Pap Smear Pertama Kali. Menakutkan 'Kah?

Jadi saya mau cerita pengalaman saya tes pap smear untuk pertama kali. Karena tulisannya akan bercerita tentang vagina, tolong disikapi secara ilmiah ya. Haha. Eh ini berbahaya lho, jadi tidak boleh tabu.

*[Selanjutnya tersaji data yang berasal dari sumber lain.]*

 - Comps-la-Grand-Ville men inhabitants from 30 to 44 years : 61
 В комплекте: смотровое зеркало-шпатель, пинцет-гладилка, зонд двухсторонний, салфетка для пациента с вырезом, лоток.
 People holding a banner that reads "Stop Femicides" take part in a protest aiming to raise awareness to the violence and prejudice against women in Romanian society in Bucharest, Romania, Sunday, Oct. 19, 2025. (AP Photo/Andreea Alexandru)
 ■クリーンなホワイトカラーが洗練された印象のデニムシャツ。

Pap smear adalah hal yang perlu dilakukan oleh semua wanita, terutama yang sudah berhubungan seks. Bukan setelah menikah saja, karena banyak 'kan yang sudah berhubungan seks sebelum menikah? Hehe. Pap smear berguna sebagai pemeriksaan awal apakah seseorang mengidap kanker serviks (mulut rahim) atau tidak. Nah, kanker serviks dan kanker payudara ini adalah penyakit yang banyak merenggut nyawa wanita. Jadi sebaiknya deteksi dini dilakukan sebelum terlambat!

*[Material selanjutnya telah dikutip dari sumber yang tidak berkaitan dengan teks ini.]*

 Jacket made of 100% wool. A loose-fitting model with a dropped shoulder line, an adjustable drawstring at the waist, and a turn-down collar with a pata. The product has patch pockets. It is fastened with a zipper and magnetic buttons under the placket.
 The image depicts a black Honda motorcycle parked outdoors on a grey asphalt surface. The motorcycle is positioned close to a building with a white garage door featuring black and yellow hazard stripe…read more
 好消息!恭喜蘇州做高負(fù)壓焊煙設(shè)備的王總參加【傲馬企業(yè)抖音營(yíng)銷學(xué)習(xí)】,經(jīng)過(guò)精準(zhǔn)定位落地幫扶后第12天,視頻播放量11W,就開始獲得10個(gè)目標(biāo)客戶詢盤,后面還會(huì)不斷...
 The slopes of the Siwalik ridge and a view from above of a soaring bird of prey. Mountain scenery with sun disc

Jadi, sebelumnya saya sudah tahu info tentang bahaya kanker serviks karena saya pernah liputan tentang berbagai penyakit di kandungan dan wawancara dokter kandungan di sebuah rumah sakit di Jakarta Utara. Banyak wanita yang datang terlambat ke dokter karena kanker ini tidak berasa. Nyeri, terutama di daerah panggul, baru dirasak…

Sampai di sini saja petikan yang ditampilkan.